For signs, f1-score of activation and inhibition classifier were 0.91 and 0.80, respectively. F1-score of activation classifier was higher because activating PPIs outnumbered inhibiting ones. Accuracy of two classifiers were identical as 0.88. AUROC were 0.94 and 0.93 for activation and inhibition classifiers, respectively. Also, AUPRC were 0.96 and 0.89 for activation and inhibition classifiers, respectively [see Additional file 1: Figure S1].
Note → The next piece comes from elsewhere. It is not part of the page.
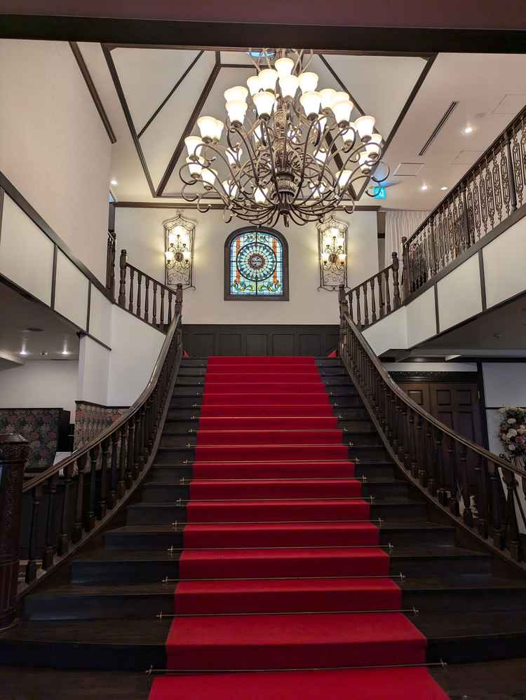 正面玄関を入ると目の前に大階段があり、披露宴会場にも階段があるので、印象的ですし、写真映えするなと思いました。
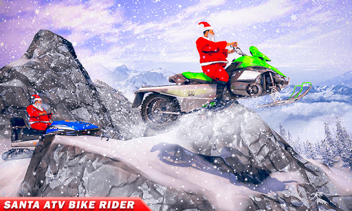 Santa Snow ATV Bike Racing 2k21 brings amazing entertainment for lovers of fun and adventure. This is a fun and racing package in which you maximize your best ATV cycling skills in snowy areas. This game becomes more interesting when you find yourself as Santa Klaus Snow Bike Rider, which makes your face happy and cheerful. Not all snow games are the same in terms of entertainment, here you will find an amazing combination of Snow Sled competitions, Snow Mountain competitions as the best snow games of 2021. These Snow Bike Racing League competitions have many of the best ATV riders Who intend to compete in this league. To win this race, you must improve your skills, you will feel blessed by wearing Santa Claus costume. Santa is not only an ATV Bike Rider, but also a gift truck driver and a great car driver. Do not hesitate before entering the cycling mania, Santa Trial is the second name of this game Snow Mountain Terrain. Explore all of these snow-capped mountains as Santa Bike Rider in the snow game. This game is the snow season and Santa's Christmas, both have more expectations for everyone.

Independent test performances
To see how well our model generalizes to datasets from different sources, we conducted an independent test. In an independent test, we trained logistic regression models with KEGG dataset, and tested with STRING dataset. The performance for predicting directions and signs are listed in Table 3. The performance of left-to-right classifier and right-to-left classifier were similar. Accuracy of left-to-right classifier and right-to-left classifier were around 0.6 and 0.59, respectively. The AUROC of left-to-right classifier and right-to-left classifier were 0.64 and 0.63, respectively [see Additional file 1: Figure S2].
The performance for predicting sign was higher than predicting directions. The accuracy of activation classifier and inhibition classifier were both 0.69. However, because the dataset was imbalanced, f1-score was much higher in activation classifier than inhibition classifier. AUROC of activation classifier and inhibition classifier were 0.67 and 0.63, respectively [see Additional file 1: Figure S2].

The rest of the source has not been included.